The official explanation is “China”. Something about China, at least. We’ve never bought that here at Barataria, focusing instead on the positive news that surrounds us every day. No, we’re not joking. There is indeed positive news and the market reflects this – sort of, at least.
Like good funk, the story of the stock market today comes with a backbeat and a solid bass line. It’s all about how the vagaries of international finance flow through the news and the market with a beat that so infectious ev’rbody has to dance.
The disturbance that roils the world markets from China is fascinating. It’s not that anything has actually changed in China, but the perception of the country certainly has. Where it once was a land that any serious business had to invest in to cash in on the 8% annual growth, it’s become a place to flee away from because they have a paltry 7% annual growth. The real difference is tiny but the perception is huge.
Slower growth means that growth isn’t going to continue forever. The Yuan, aka Renminbi (RMB) is not going to increase in value and not everyone can get rich at once. In the last month I’ve seen at least four references to a “Chinese Wall” of money coming our way, something we’ve talked about in Barataria for a solid year.

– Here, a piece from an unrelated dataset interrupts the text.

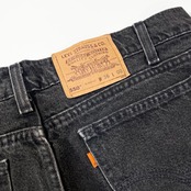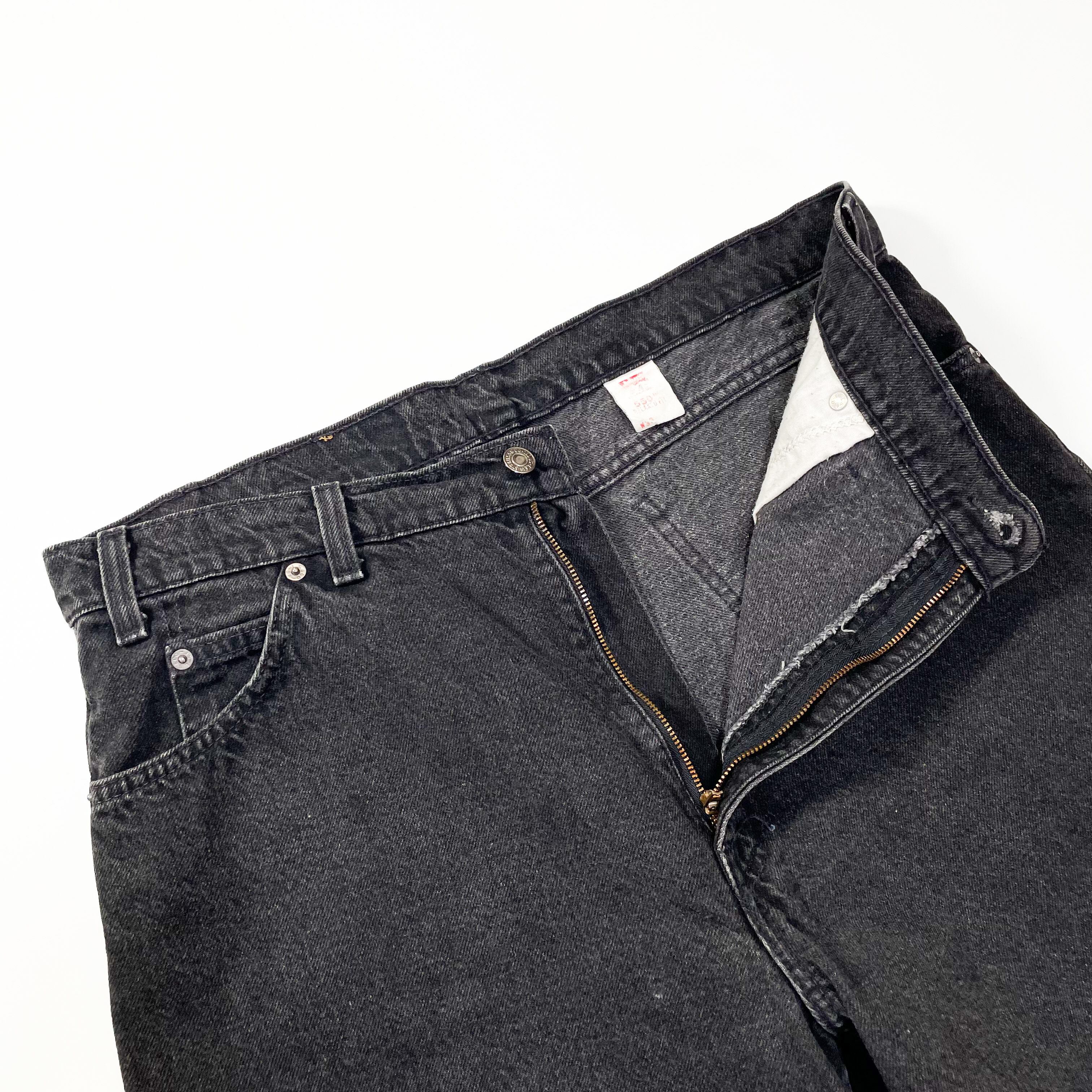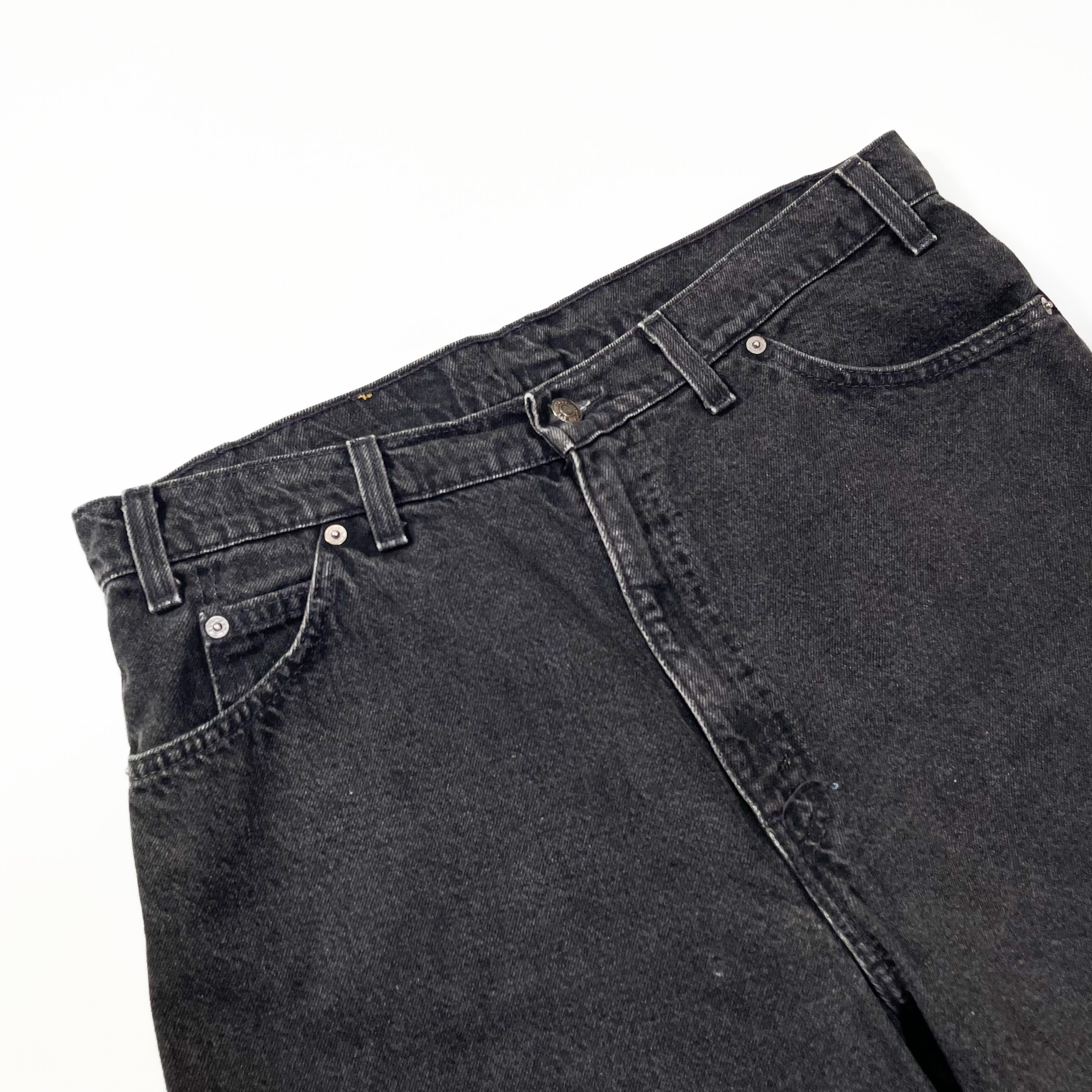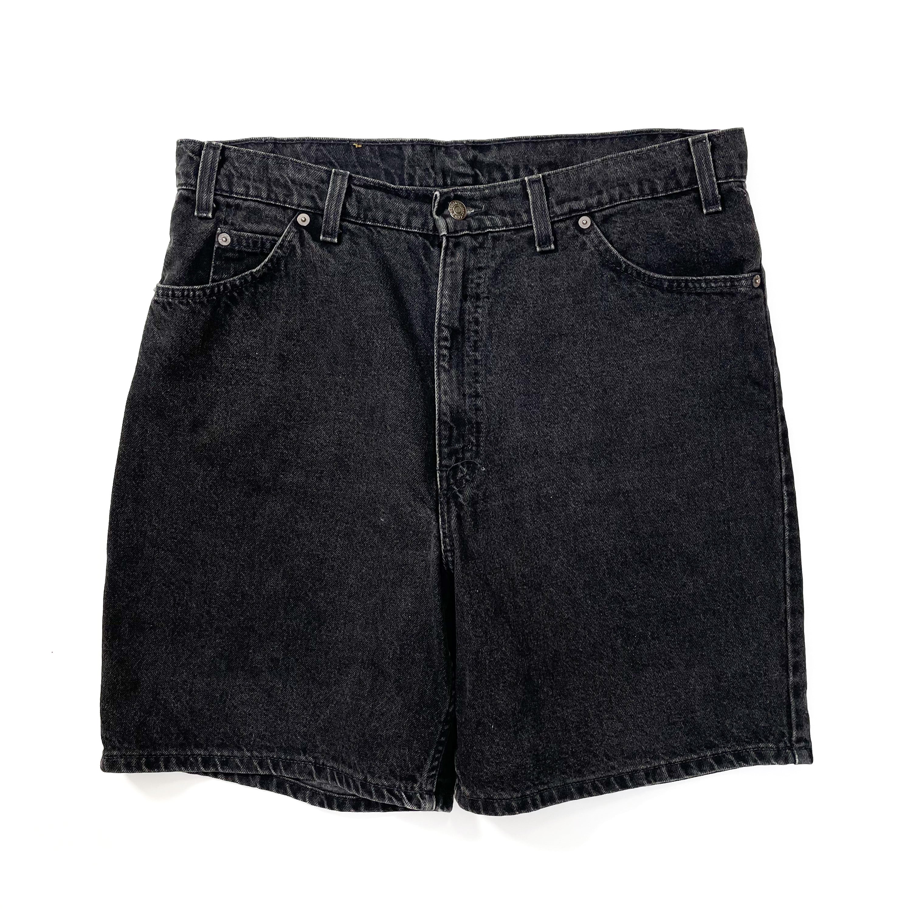 1990s " Levi's 550 " black denim relaxed shorts . made in usa . size 36 .

What’s crazy about all this is that there is almost nothing in the way of bad news for the US. It is true that as the US Dollar increases in value our exports become more expensive and our manufacturing loses out. We’re losing the Currency War, without a doubt. But we’re not losing it as badly as many fear, as shown in this chart:
The biggest rise finished a year ago, and hit a level much lower than it was between the official recessions and far lower than it was in 2000. Note also that it’s turning down recently, which is to say that it may be over-bought.

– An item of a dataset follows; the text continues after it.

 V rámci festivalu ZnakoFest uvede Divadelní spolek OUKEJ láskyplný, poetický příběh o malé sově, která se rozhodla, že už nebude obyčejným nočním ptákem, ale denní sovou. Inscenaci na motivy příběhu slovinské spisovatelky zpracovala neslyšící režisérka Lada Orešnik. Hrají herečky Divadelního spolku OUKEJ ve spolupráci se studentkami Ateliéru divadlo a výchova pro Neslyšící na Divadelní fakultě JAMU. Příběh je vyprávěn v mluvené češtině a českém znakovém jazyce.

The main reason? A predicted rise in interest rates. That makes US Dollars, the currency that makes the world go ‘round (rather literally) more expensive.
This is where everything gets a funky backbeat. Fed Chair Yellen has become much more cautious about a rate rise, stressing that their keeping an eye on things and removing the word “balance” from her statement. It’s calmed the markets, for now at least, but they hardly needed calming. The S&P500 never closed much below the 1858 low of last August, meaning there is a solid floor to this market.
That’s the bass line that keeps the market solid.
In the middle of all this, consumer spending went up in January, signaling that everything really is goin’ along well at least here in the US. The benchmark 10yr Treasury Bill has hit an interest rate of 1.75%, down from 2.32% in December, meaning there is indeed more money available for consumers as the job market plugs away nicely.
Where is this all going? The short answer is sideways from here. There won’t be any significant rise in interest rates and everything will indeed settle down. Give it another quarter, as we predicted at the start of the year. The market is gettin’ down because the market wants to get down, and there’s no better reason than that.
What will happen to China? Who really cares? Once it all settles out the serious money will realize that the rest of the world is investing in the US and we should, too. It’s a matter of confidence – and the need to get out on the floor and dance. There might be a good reason to be shy right now, but this is a beat that will be infectious in a few months.
As long as the Fed keeps the party going, there will be a party. This one will be more fun than most, is all.